In fact, having English players so focused on staying in England has probably inhibited development. Certainly, many players on the fringes of the first team would benefit from a spell in leagues from around the world that would help them capture different nuances of the game. For example, a player could benefit from spending time in the Dutch Eredivisie where the emphasis is on passing and scoring. But English players rarely play in foreign leagues.

This latest English FA proposal has been buoyed by the surprise emergence this season of 21-year-old Tottenham striker Harry Kane, who spent a considerable amount of time on the bench last year and at the beginning of this season, and who is now among the league leaders in goals.
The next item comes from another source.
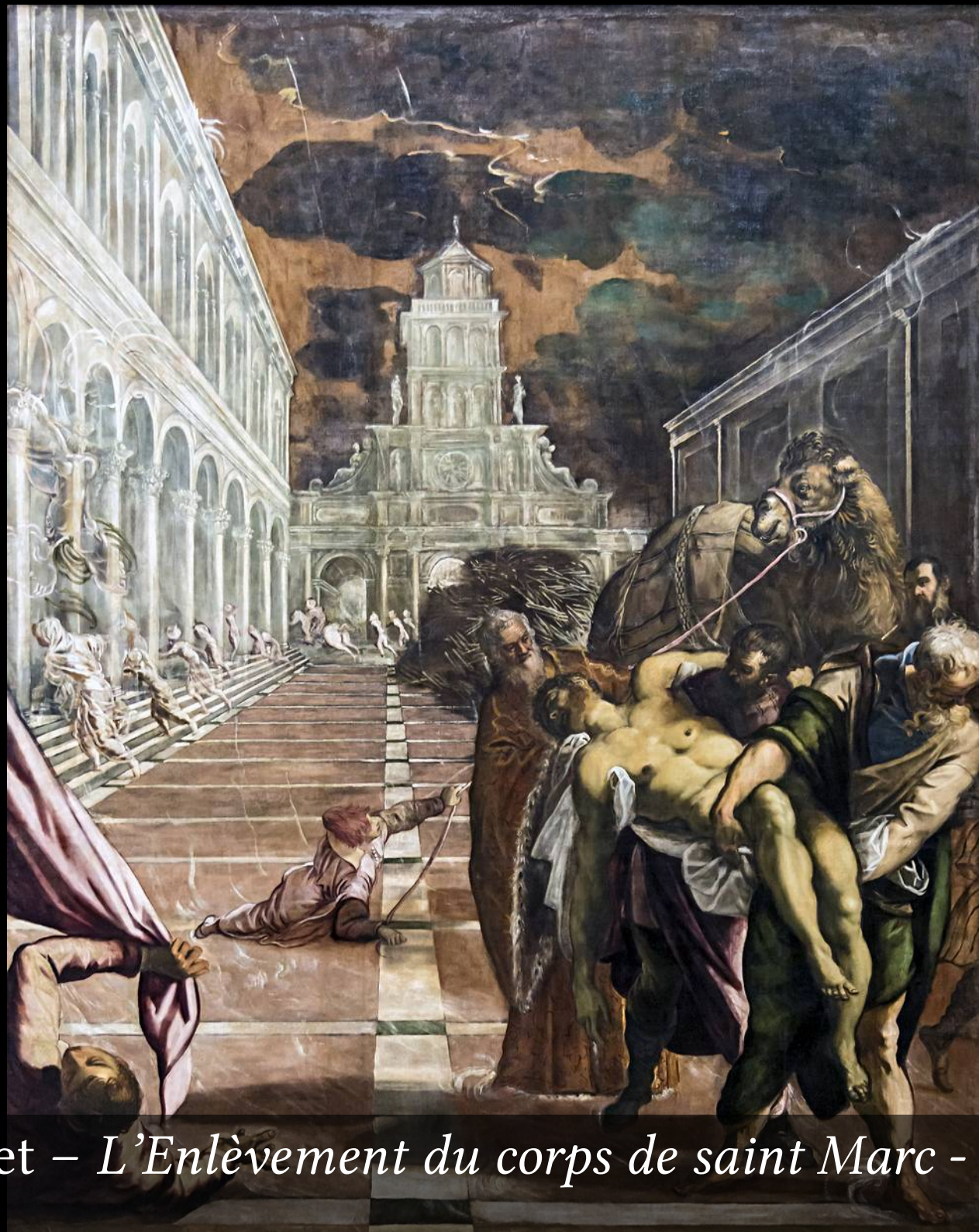
Le Tintoret – L'Enlèvement du corps de saint Marc - 1562-1566

"How many other Harry Kanes are there in the academies of English football who cannot get a first-team game?" Dyke wrote in the Guardian.

Probably none, said Kuper. Scouting has become so exact that it's almost impossible for any hidden gems not to be discovered by either their own team or by someone else. The fact that Spurs never sold Kane showed that they valued him even if they knew it would take longer for him to develop.

Kuper believes the current league structure—with a slew of foreign players taking up the majority of roster spots, thereby creating the most talented league in the world top to bottom—is what has allowed Kane, who went on loan four times before establishing himself at Tottenham, to blossom.

"His problem wasn't the EPL," Kuper said. "His problem was that he wasn't good enough and now he is…You need to be patient with certain players. Spurs did that with Harry Kane."

He added: "What is helping Harry Kane now is that he has to play at the highest level each week."